Data to use:

--------------------

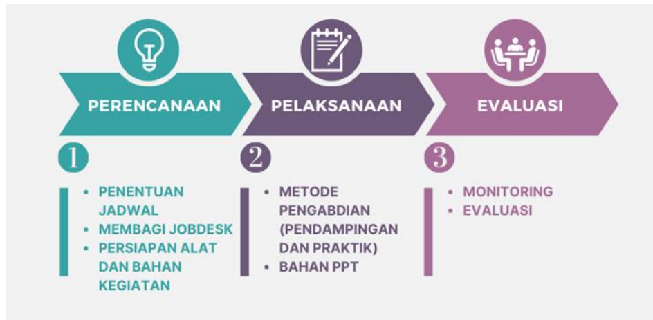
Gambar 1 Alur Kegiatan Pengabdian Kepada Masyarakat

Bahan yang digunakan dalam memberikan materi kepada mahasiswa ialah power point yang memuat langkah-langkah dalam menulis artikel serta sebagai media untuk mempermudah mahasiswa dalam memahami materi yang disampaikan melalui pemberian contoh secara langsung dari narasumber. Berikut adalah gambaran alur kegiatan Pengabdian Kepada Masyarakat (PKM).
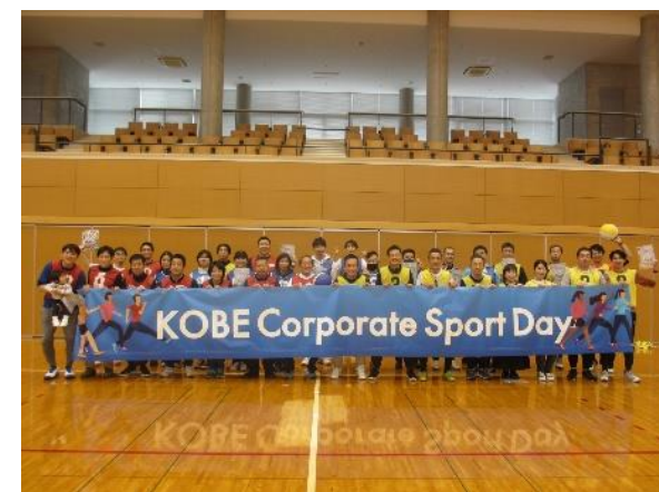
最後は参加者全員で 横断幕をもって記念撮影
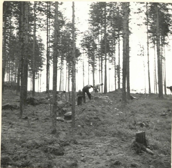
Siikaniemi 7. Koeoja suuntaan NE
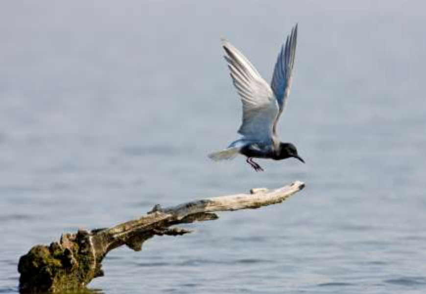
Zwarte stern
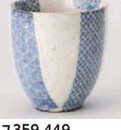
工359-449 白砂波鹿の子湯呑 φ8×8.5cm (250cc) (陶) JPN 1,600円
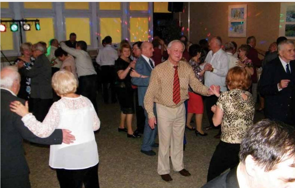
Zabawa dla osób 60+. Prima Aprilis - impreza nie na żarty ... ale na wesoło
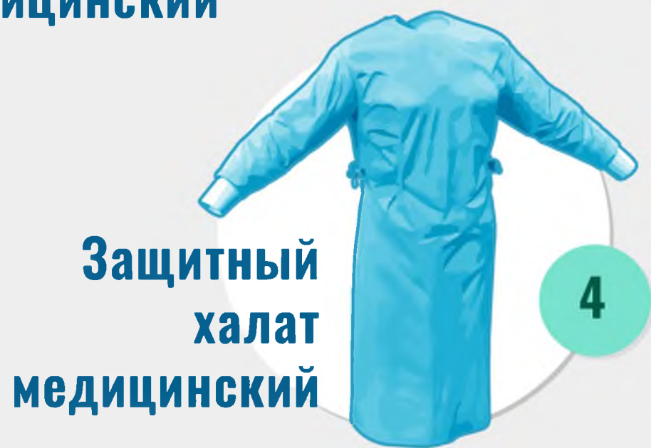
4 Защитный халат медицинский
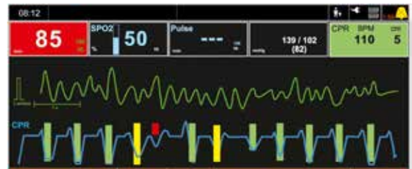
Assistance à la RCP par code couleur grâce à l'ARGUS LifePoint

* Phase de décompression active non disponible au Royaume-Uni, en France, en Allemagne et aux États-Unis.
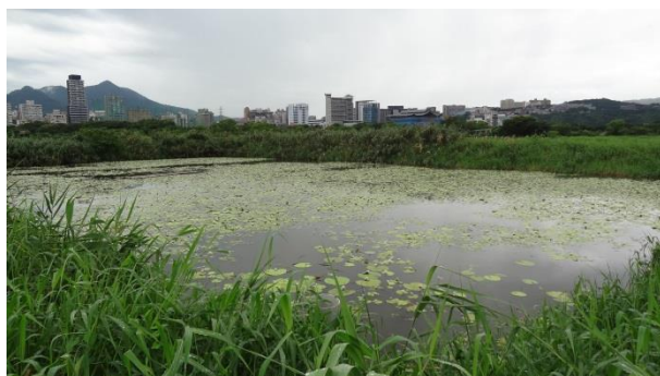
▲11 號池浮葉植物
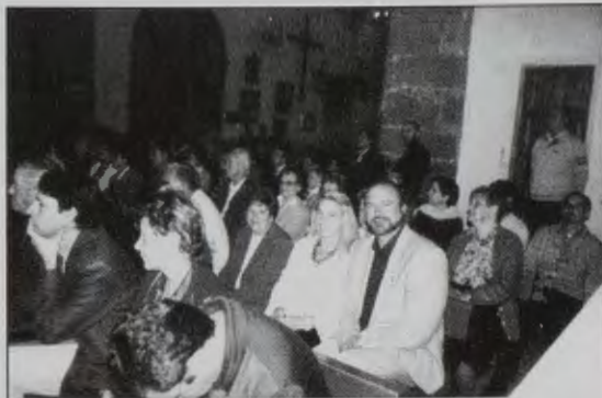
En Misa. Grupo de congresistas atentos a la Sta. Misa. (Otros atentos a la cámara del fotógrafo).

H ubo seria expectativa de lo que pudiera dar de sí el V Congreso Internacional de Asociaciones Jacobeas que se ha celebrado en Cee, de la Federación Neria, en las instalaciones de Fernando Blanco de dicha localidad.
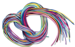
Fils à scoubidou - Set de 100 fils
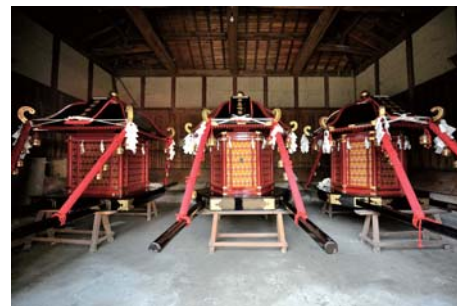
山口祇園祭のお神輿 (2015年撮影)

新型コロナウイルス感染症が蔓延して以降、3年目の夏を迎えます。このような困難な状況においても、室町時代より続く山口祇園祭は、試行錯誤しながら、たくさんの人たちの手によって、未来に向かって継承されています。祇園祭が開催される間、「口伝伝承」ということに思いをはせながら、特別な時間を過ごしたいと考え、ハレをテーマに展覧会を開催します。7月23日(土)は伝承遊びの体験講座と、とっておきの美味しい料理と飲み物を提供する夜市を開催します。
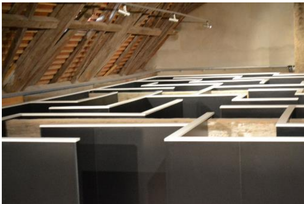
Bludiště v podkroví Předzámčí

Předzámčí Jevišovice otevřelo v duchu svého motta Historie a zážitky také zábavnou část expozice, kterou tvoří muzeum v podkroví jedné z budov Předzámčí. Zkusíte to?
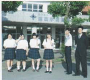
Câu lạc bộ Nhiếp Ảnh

--------------------

Exercise brief: Find the string "podkroví" in the listing and return every line that holds it.

Exercise result:
Bludiště v podkroví Předzámčí
Předzámčí Jevišovice otevřelo v duchu svého motta Historie a zážitky také zábavnou část expozice, kterou tvoří muzeum v podkroví jedné z budov Předzámčí. Zkusíte to?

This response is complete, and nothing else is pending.